My goodness, who could have predicted on January 1 what twists and turns 2020 would bring.
Here in Australia we spent December and January battling tremendous bushfires in all our states.
No sooner than the last of these had been extinguished, our nation – indeed the whole world – has been hit with a pandemic the likes of which haven’t been seen for 100 years.
The Gold Coast, the city where I live, is actually made up of a string of little coastal villages that grew together in the latter half of the 20th Century and the post WWII boom.
The southern most village Coolangatta (named for a shipwreck), sits right next another village called Tweed Heads in the state of New South Wales.
Coolangatta-Tweed is known as Twin Towns. Perhaps, more accurately, they would be cojoined twins because it is very nearly impossible to separate.
In some places, neighbours on opposite sides of the same street can be living in different states!
The South Coast railway was extended from Nerang railway station to Tweed Heads in New South Wales and opened on 10 August 1903. The terminus, Coolangatta railway station, was located to the south-west of the intersection of Griffith and Dutton Streets in Tweed Heads, resulting in a Queensland railway station being located in another state.
The railway guaranteed the success of Coolangatta as a holiday township and it flourished from that time forward.
Even now, the current Gold Coast Airport run way crosses the state border
But separate the two towns did in 1919 for the Spanish Flu pandemic.
The Queensland-New South Wales border was closed in January 1919 to stop the spread.
Being the height of summer many people holiday in the Coolangatta-Tweed region and they found themselves unable to return home to Queensland.
A quarantine camp was set up on the Queensland side of the border at the beautiful Rainbow Bay. But unlike today, it was not 5-star hotels – it was tents on the shoreline.

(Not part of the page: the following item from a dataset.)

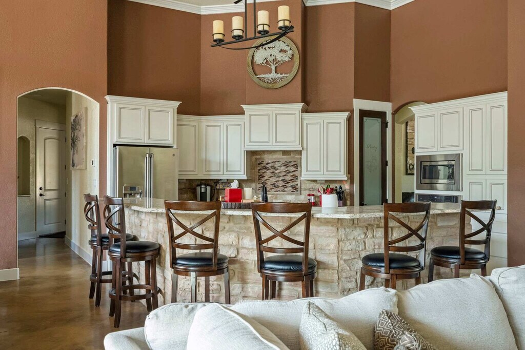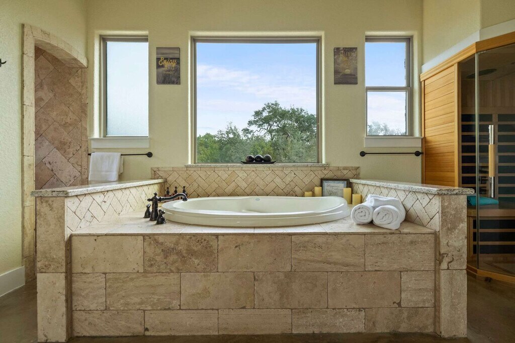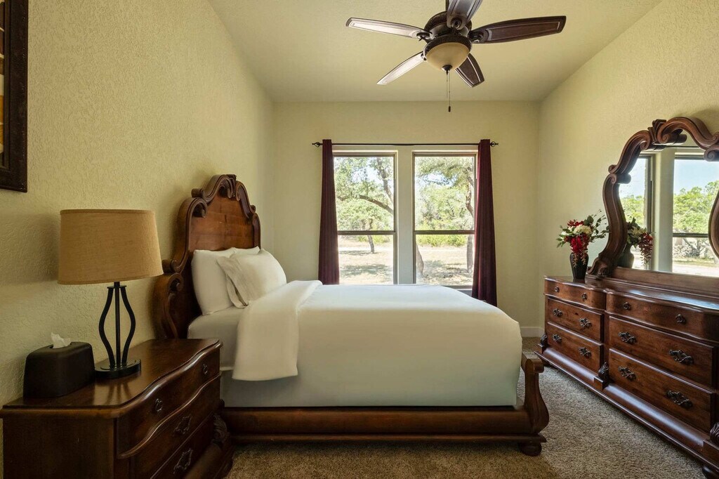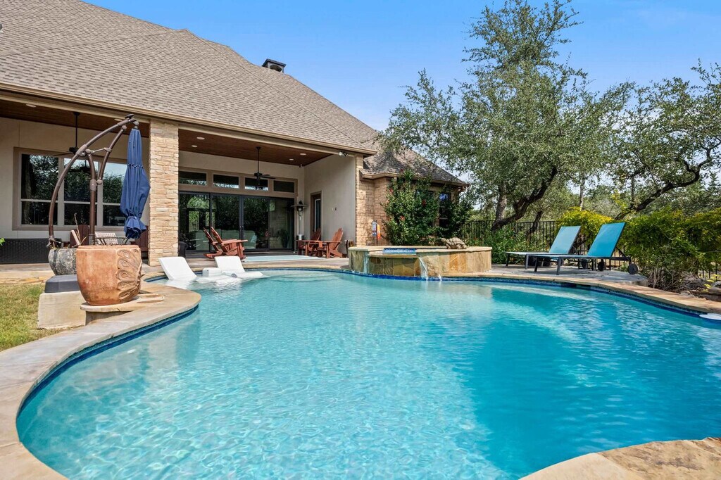 Escape to this serene Wimberley estate with sweeping views where you'll feel at home. This custom home features 4 spacious bedrooms and 4 full bathrooms and accommodates up to 8 guests. This stunning home combines the tranquility of country living with luxurious modern amenities. The expansive open floor plan features large windows that fill the home with natural light and provide stunning views of the private outdoor swimming pool and spacious backyard. The chef’s kitchen is a dream come true with a double-tier island, commercial-grade appliances, and custom cabinetry. For entertainment, the media room features an 85” TV and built-in surround sound, complemented by a full wet bar. Step outside and fire up the gas barbecue grill for a true alfresco dining experience. The spa-like primary suite includes a sauna and Jacuzzi tub. This home is pet-friendly, with a $100 fee per pet, and offers driveway parking for 4–6 vehicles. Early check-in and late check-out are possible, subject to availability and with an associated fee. Enjoy the best of Wimberley living in the Mustang Valley community! Amenities include a private pavilion, playground, sports courts for basketball, tennis, and pickleball, and a private 9-acre lake perfect for fishing or relaxing along the scenic shorelines. Just minutes away, explore Wimberley’s charming town square and shopping district, with easy access to Austin and San Antonio. Quiet hours are from 10 PM to 7 AM. If any furniture is moved, please place it back in the original space where it was found. Additional charges, including shipping fees, may apply if personal items are left behind. If you need to use the hard key, please place it back in the lockbox before departing; failure to return any keys used to the lockbox will result in a $50 replacement fee per key. Tampering with the pool and equipment could incur an additional fee up to $1,000 to cover any damages caused. For health, safety, and maintenance reasons, pets are strictly prohibited from entering the pool; a $500 fine will be charged if this rule is violated. The minimum smoking fee is $250; however, the total charge may be higher if the property's condition renders it temporarily unrentable. Failure to clean and turn off the propane barbecue grill after use will result in a fee. Please do not set the home's thermostat above 76 (heating) or below 68 (cooling); to avoid overloading the system, adjust the thermostat by no more than 2 degrees per hour and keep the doors and windows closed as much as possible. There are exterior cameras at the property for security purposes; please do not tamper with them. [SI]

Students in Coolangatta who would have walked across the border to attend school in New South Wales found themselves stranded. Hastily, a new school was established at Coolangatta.
The borders were reopened in May 1919 and had remained open until March 2020 with no end date announced.

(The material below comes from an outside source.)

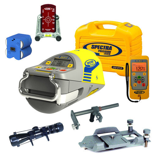 - The Spectra Precision DG613 has advanced functions that make setting up and using it easier and more accurate: Line-Set/Check – allows the user to align the laser to the manhole quickly and easily to set direction. The beam will go up to 100% allowing easy alignment on the first day even in short trenches. Line Scan – provides a quick alignment to the center of the target for the second-day setup. Line Alert – notifies the user if the set-up is disturbed eliminating costly re-work from errors

In global terms, the influenza killed about 100 million people – more than had been killed during the First World War, but it was the economic catastrophe that lingered and can be argued as being one of the key factors than spurred the Second World War
An estimated 40% of the population of just over 5 million was infected. The death toll was estimated at 15,000 – 2.7% of the population, one of the lowest recorded of any country in the world.
At the time of writing, Australia’s population is 30 million and the COVID-19 death toll is less than 30.
Knowing that personal movement might soon be limited my husband and I took advantage of the beautiful national parks in our region.
There was one bushwalk that I don’t recall ever having taken. Twin Falls at Springbrook is the most beautiful place I have seen.
The Twin Falls are the major attraction. At the base is a place to swim and it’s popular with families. Those waterfalls are only part of the attraction. The 4km walk went over, through and around at least another six.
As part of program to better my health, we had been going to the beach more often and that is a pleasure that we’ll forego for now in favour of exploring places within walking distance.
However you’re spending your self-isolation, I hope you’re doing it well for your mental and physical health.